§ **DATASET CONTENT**:
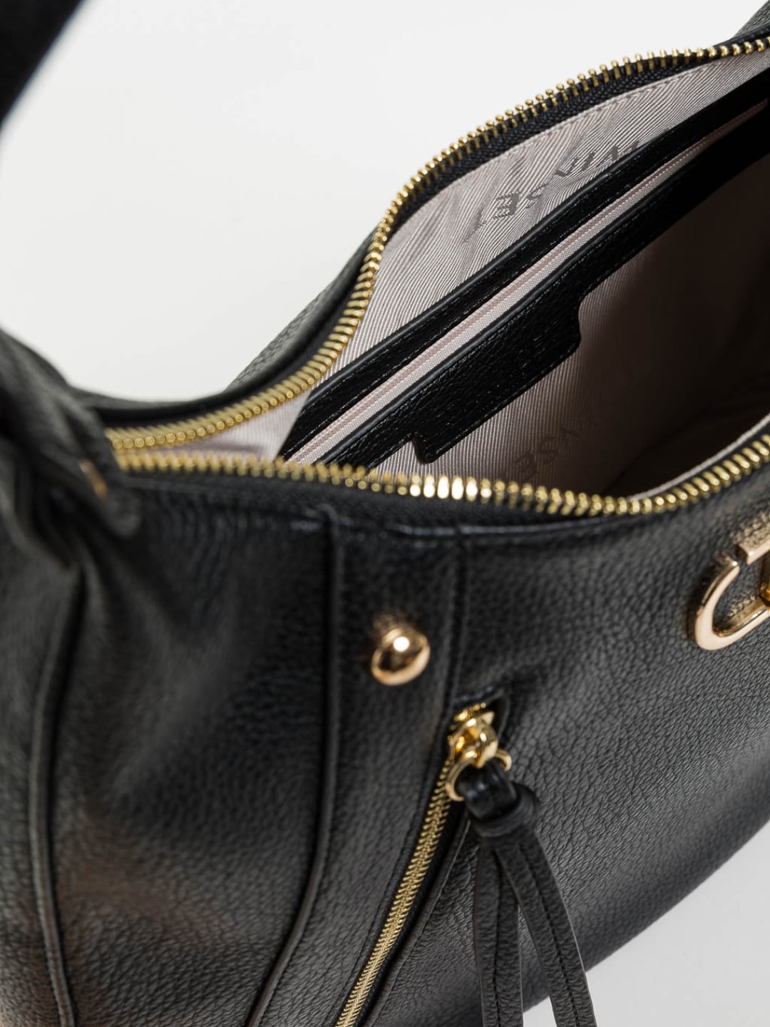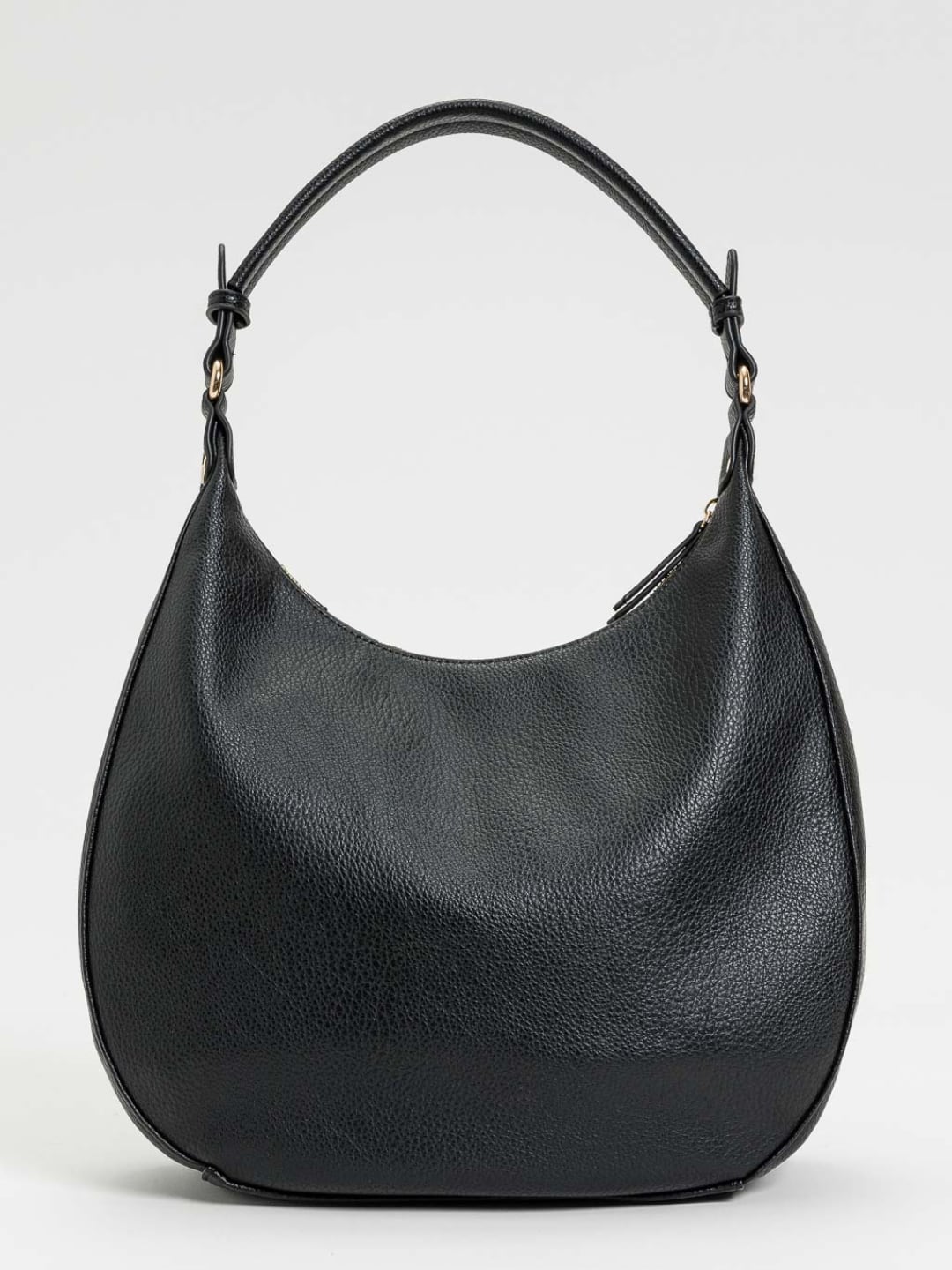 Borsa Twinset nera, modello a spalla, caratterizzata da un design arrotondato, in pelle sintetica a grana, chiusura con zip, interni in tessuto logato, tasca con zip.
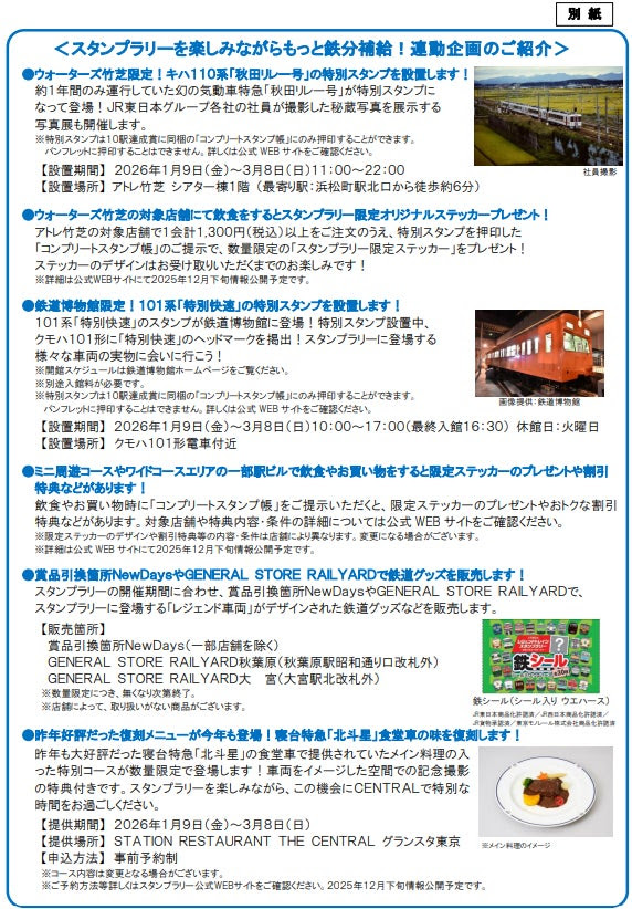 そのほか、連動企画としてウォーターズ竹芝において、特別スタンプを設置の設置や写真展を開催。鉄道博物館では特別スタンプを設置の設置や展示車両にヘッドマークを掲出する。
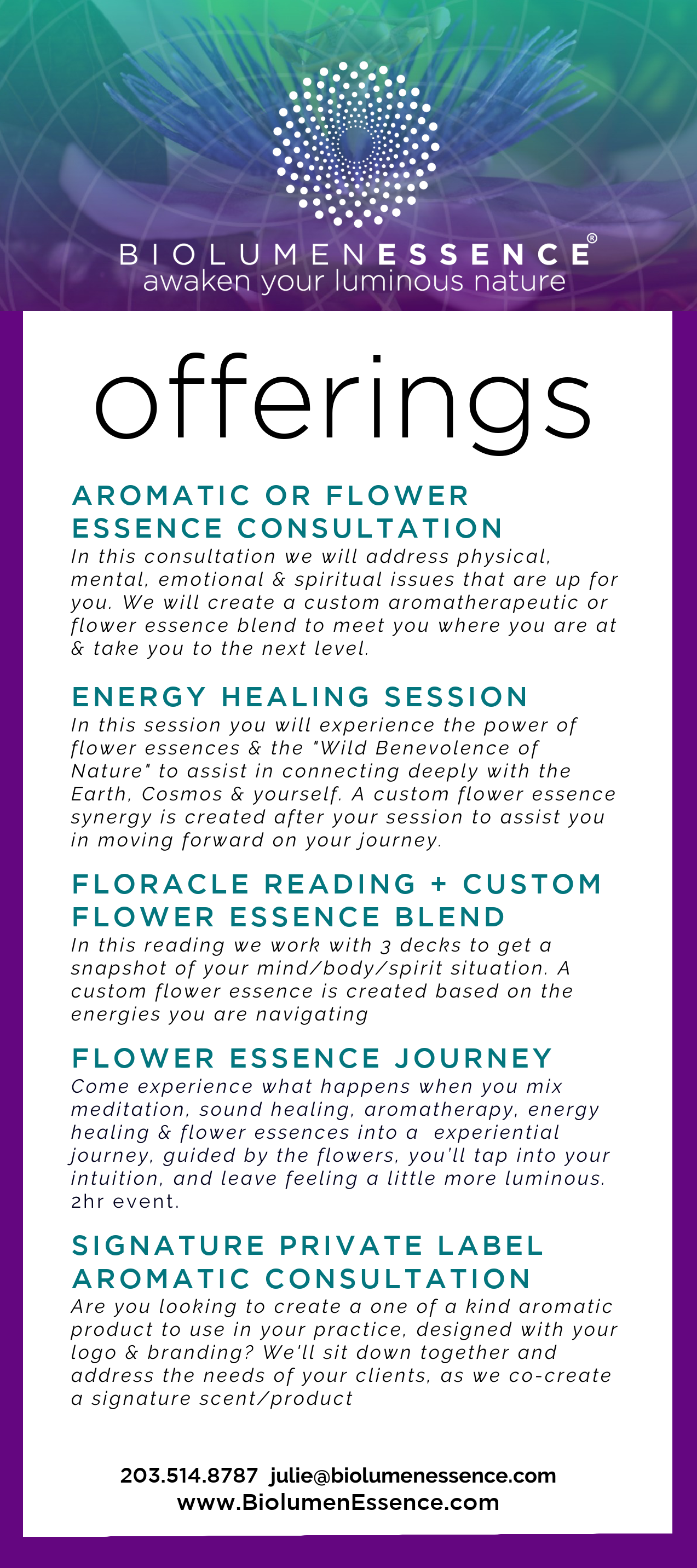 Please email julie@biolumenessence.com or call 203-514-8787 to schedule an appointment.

§ **WHAT NEEDS TO BE DONE**: Give the data again exactly as it appears, but without any images.

§ **EXERCISE OUTPUT**:
 Borsa Twinset nera, modello a spalla, caratterizzata da un design arrotondato, in pelle sintetica a grana, chiusura con zip, interni in tessuto logato, tasca con zip.
 そのほか、連動企画としてウォーターズ竹芝において、特別スタンプを設置の設置や写真展を開催。鉄道博物館では特別スタンプを設置の設置や展示車両にヘッドマークを掲出する。
 Please email julie@biolumenessence.com or call 203-514-8787 to schedule an appointment.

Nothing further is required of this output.